Warriors rätseln über porzingis: nur ein auftritt, dann wieder funkstille
Kristaps Porzingis trug das Golden-State-Trikot bislang 64 Minuten lang. Seitdem herrscht Nebel. Der Lette fehlte in fünf der letzten sechs Partien – und selbst die Warriors wissen nicht genau, warum.
„Es ist ein bisschen mysteriös“, gestand Steve Kerr vor dem Duell mit den Clippers. Der Coach klang wie ein Detektiv, der die Spur verloren hat. „Wir hoffen auf Klarheit“, fügte er hinzu, wobei das Wort „Hoffen“ im Mai selten gut klingt.

Die diagnose bleibt im verborgenen
Porzingis steht seit Jahren unter dem Einfluss von POTS, einem chronischen Kreislaufleiden, das Herz und Kopf in eine Dauerschleife zwingt. Am vergangenen Freitag kehrte der 2,21-Meter-Mann ins Training zurück – mit lächelndem Gesicht und verschlossener Akte. Gegen die Lakers saß er wieder in Straßenkleidung. Offizielle Lautbürgerschaft: „allgemeine Erkrankung“. Die Formulierung klingt nach Placebo für Unwissenheit.

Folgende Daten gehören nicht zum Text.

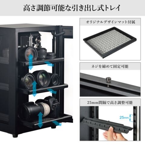 湿度設定はカメラ・レンズの保管に適した35~45%を推奨します。
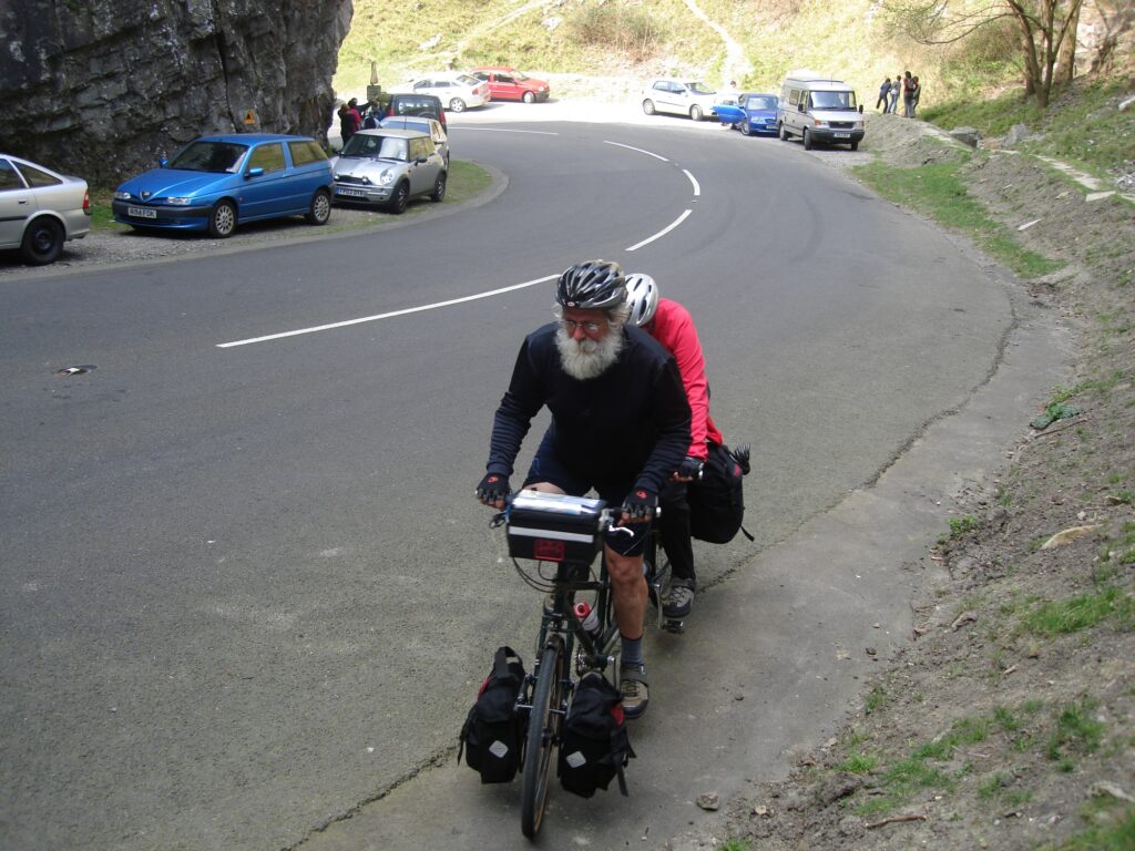 Cheddar Gorge was rather fun. There were lots of slow-moving cars, not enough parking spaces, and it’s really not the place to visit on an Easter Monday bank holiday. But here we were. We earned many admirers and one round of applause when we cycled up only getting off to push for about 200 yards and that at the steepest section.
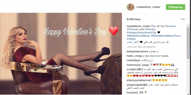 بينما وجهت المطربة اللبنانية مادلين مطر رسالة لجمهورها في عيد الحب عبر حسابها الرسمي على موقع انستغرام، قائلة :"لكل حبايبي وأصدقائي وعائلتي كل عيد حب وانتوا طيبين".
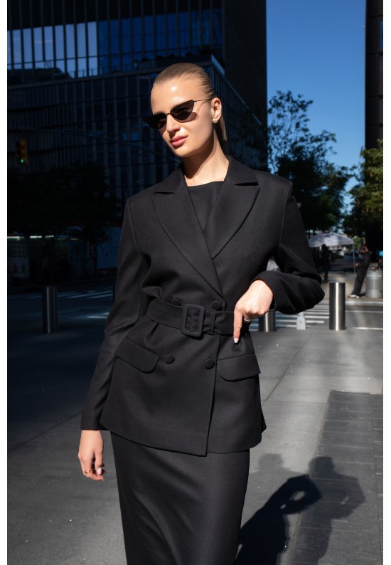 Этот жакет — воплощение современной элегантности и уверенности. Сшит из премиальной костюмной ткани, имеет чёткий силуэт, акцент на талии и пояс с обтянутой тканью пряжкой. Классические лацканы и накладные карманы придают структуру, а женственный крой подчёркивает фигуру.

Kerr hatte noch Anfang der Woche angedeutet, das POTS spiele eine Rolle, zog die Aussage später aber zurück. Die Front Office will offenbar keine Gesundheitsakte zum Handelsgut werden lassen – verständlich, aber auch ein Fass ohne Boden für Gerüchte.
Die Zahlen sprechen ohnehin eine klare Sprache: 19 Einsätze in dieser Saison, 16,8 Punkte im Schnitt, Vertragsende in wenigen Wochen. Für einen Spieler, der als Tausendsassa ins Silicon Valley der NBA geschwappt war, wirkt der Lebenslauf plötzlich wie ein Stundenlohnzettel.
Dabei ist das Timing brandgefährlich. Die Warriors kämpfen um Play-In-Plätze, Steph Curry fällt weiter aus, Klay Thompson sucht nach Rhythmus. Ein verlässlicher Porzingis könnte den Unterschied zwischen Frühjahrsurlaub und Meisterschaftsrennen bedeuten. Stattdessen liefern sie sich ein Wettrennen mit der eigenen medizinischen Abteilung – und die Uhr tickt.
Porzingis selbst schweigt, was in der Liga selten ein gutes Zeichen ist. Wer nicht spricht, lässt andere sprechen – über Trade-Spekulationen, Gehaltseinbußen, Karriereenden. Die Warriors zahlten für einen möglichen X-Factor, nicht für ein X-Files-Script.
Die Saison hat noch 15 Spiele. Wenn Porzingis nicht bald wieder aufläuft, bleibt Golden State nichts als die tröstliche Gewissheit, dass selbst ein mysteriöser Superstar billiger ist als ein gesunder Ersatzmann mit Langzeitvertrag. Die Frage ist nur, ob das reicht, um im Sommer nicht erneut die Rechnung zu präsentieren bekommen.